I asked my friends to buy one jackfruit too (was kidding). They declined and had no intention of carrying something that weighed 15 kg. One of them had earlier boasted that he could carry 70 kg of grass on his head in his village during his childhood. I poked fun at him for refusing to carry a 15 kg jackfruit now. We visited other shops too. One of friends inquired about a bottle of honey, which according to the shopkeeper was "natural" and not purified and was from these very hills. She bought it. Also some bannanas grown in Sirumalai.

We started our journey back. I carried the massive jackfruit in my shoulders, afraid to spoil my trekking bag. However, after a while, it was too tiresome and I put it inside my bag with some difficulty (it was quite big for the bag). We took a bus from Sirumalai to Dindugal. In Dindugal, we had a big meal. We hadn't eaten our lunch as we had decided against eating in Sirumali because the hotels there didn't seem good. After that, we travelled back to Trichy.

The next day, I decided to eat the jackfruit. I cut it open with a knife. It looked deliciously ripe yellow. I tasted it. It was heavens! It had an extremely sweet honey like taste. I have never eaten a delicious jackfruit like that before. In fact it was the best fruit that I've ever eaten until this point. (Imam Pasand mango approaches its quality though).

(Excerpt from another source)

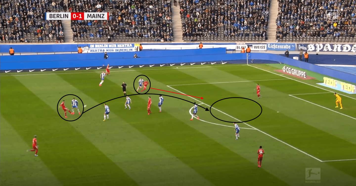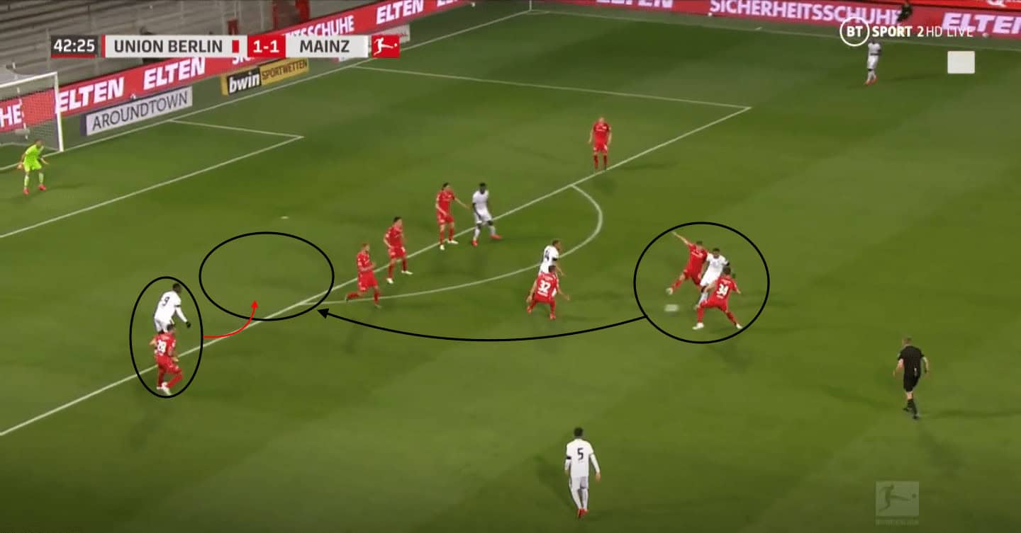 The movement Quaison makes means the opposition defender is attracted to that movement and allows Mainz 05’s left full-back, Aarón Martín, to make a progressive run off the ball, as well as allowing Jean-Paul Boëtius to check his run into this vacated space.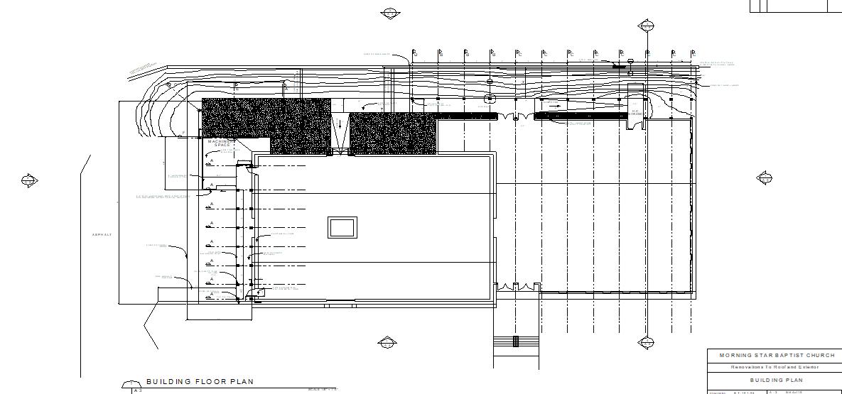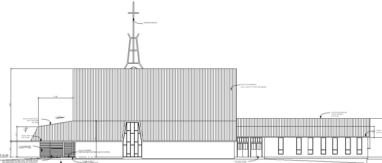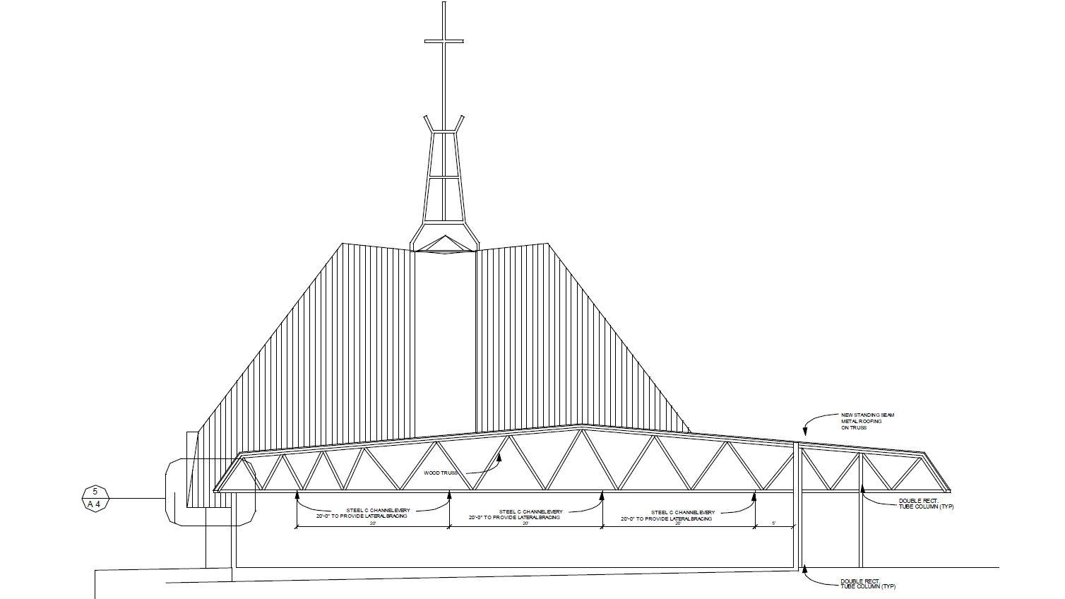 Create a 3D Rhino model of the church at a 1/8” scale using an elevation, floor plan, and images from the renovations to the roof and exterior.

The fruit was quite unusual too – its individual fruits were smaller than other jacfruits' and its seeds were more elongated than other jackfruits that I've seen. Looking up on the internet, it looks like these jackfruits from Sirumalai are quite popular. I shared this jackfruit with my friend who had recommended me to buy it in the first place. Also with my other friends in hostel and my college laboratory. They liked it.

Jackfruit cut open. Shows small but delicious and yellow colored individual fruits.

Figure 4: Look at that delicious jackfruit!

Writing this post made me emotional for quite a few reasons. One of the reasons was that I was looking back at the times there wasn't a coronavirus pandemic and I was free to travel anywhere. Also that was a time – a short period of about an year during which I had friends who made me feel wonderful. Also that fact that I am no longer friends with this person after her marriage. Also I was listening to a very good pan flute music by Leo Rojas when writing this post.